* _TASK STATEMENT_: Repeat the data verbatim, images excluded.

* _INPUT FOR THIS TASK_:
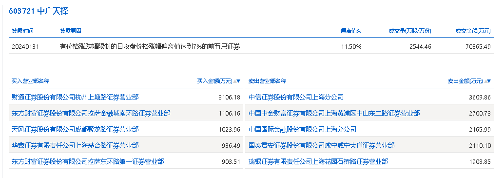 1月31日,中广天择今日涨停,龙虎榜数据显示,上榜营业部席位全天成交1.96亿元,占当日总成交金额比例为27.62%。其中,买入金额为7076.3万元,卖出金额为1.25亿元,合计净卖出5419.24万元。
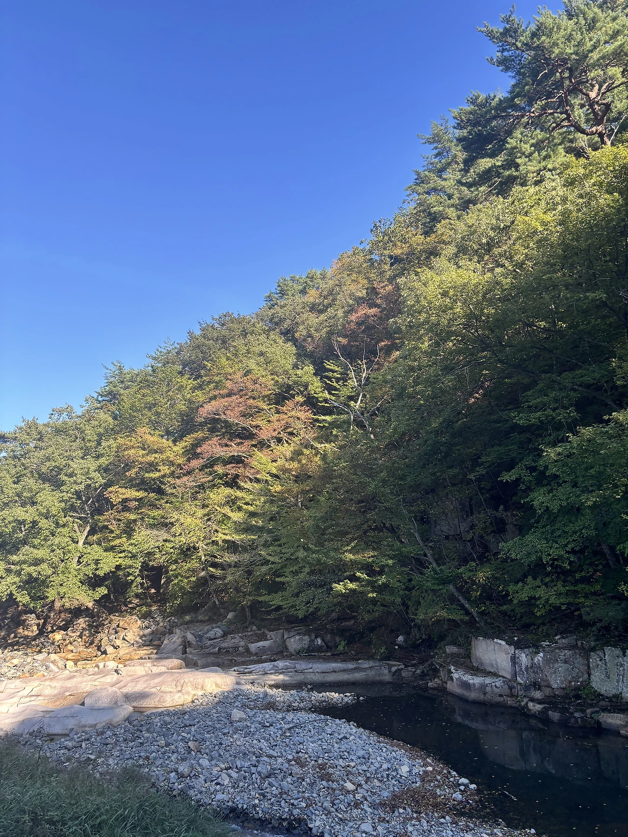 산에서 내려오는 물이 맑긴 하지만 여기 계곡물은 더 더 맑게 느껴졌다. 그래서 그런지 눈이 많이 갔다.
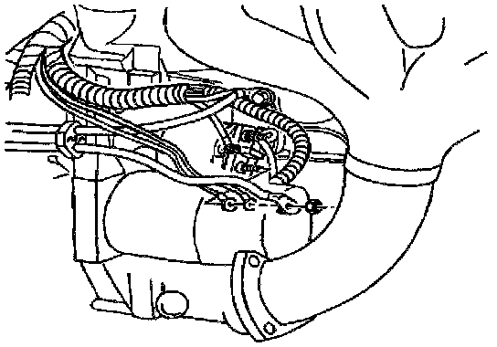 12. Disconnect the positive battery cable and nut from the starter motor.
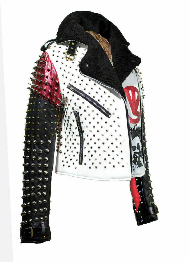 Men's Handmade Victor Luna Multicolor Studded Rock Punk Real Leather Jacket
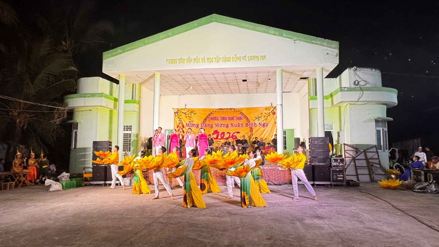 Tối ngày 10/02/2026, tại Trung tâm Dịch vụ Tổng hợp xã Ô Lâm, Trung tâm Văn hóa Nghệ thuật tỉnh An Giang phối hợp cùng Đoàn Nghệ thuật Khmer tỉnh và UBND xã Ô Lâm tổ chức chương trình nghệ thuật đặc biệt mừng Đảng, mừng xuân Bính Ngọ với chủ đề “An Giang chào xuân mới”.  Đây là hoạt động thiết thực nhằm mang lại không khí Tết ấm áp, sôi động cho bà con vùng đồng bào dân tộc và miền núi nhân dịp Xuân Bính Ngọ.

* _TASK SOLUTION_:
 1月31日,中广天择今日涨停,龙虎榜数据显示,上榜营业部席位全天成交1.96亿元,占当日总成交金额比例为27.62%。其中,买入金额为7076.3万元,卖出金额为1.25亿元,合计净卖出5419.24万元。
 산에서 내려오는 물이 맑긴 하지만 여기 계곡물은 더 더 맑게 느껴졌다. 그래서 그런지 눈이 많이 갔다.
 12. Disconnect the positive battery cable and nut from the starter motor.
 Men's Handmade Victor Luna Multicolor Studded Rock Punk Real Leather Jacket
 Tối ngày 10/02/2026, tại Trung tâm Dịch vụ Tổng hợp xã Ô Lâm, Trung tâm Văn hóa Nghệ thuật tỉnh An Giang phối hợp cùng Đoàn Nghệ thuật Khmer tỉnh và UBND xã Ô Lâm tổ chức chương trình nghệ thuật đặc biệt mừng Đảng, mừng xuân Bính Ngọ với chủ đề “An Giang chào xuân mới”.  Đây là hoạt động thiết thực nhằm mang lại không khí Tết ấm áp, sôi động cho bà con vùng đồng bào dân tộc và miền núi nhân dịp Xuân Bính Ngọ.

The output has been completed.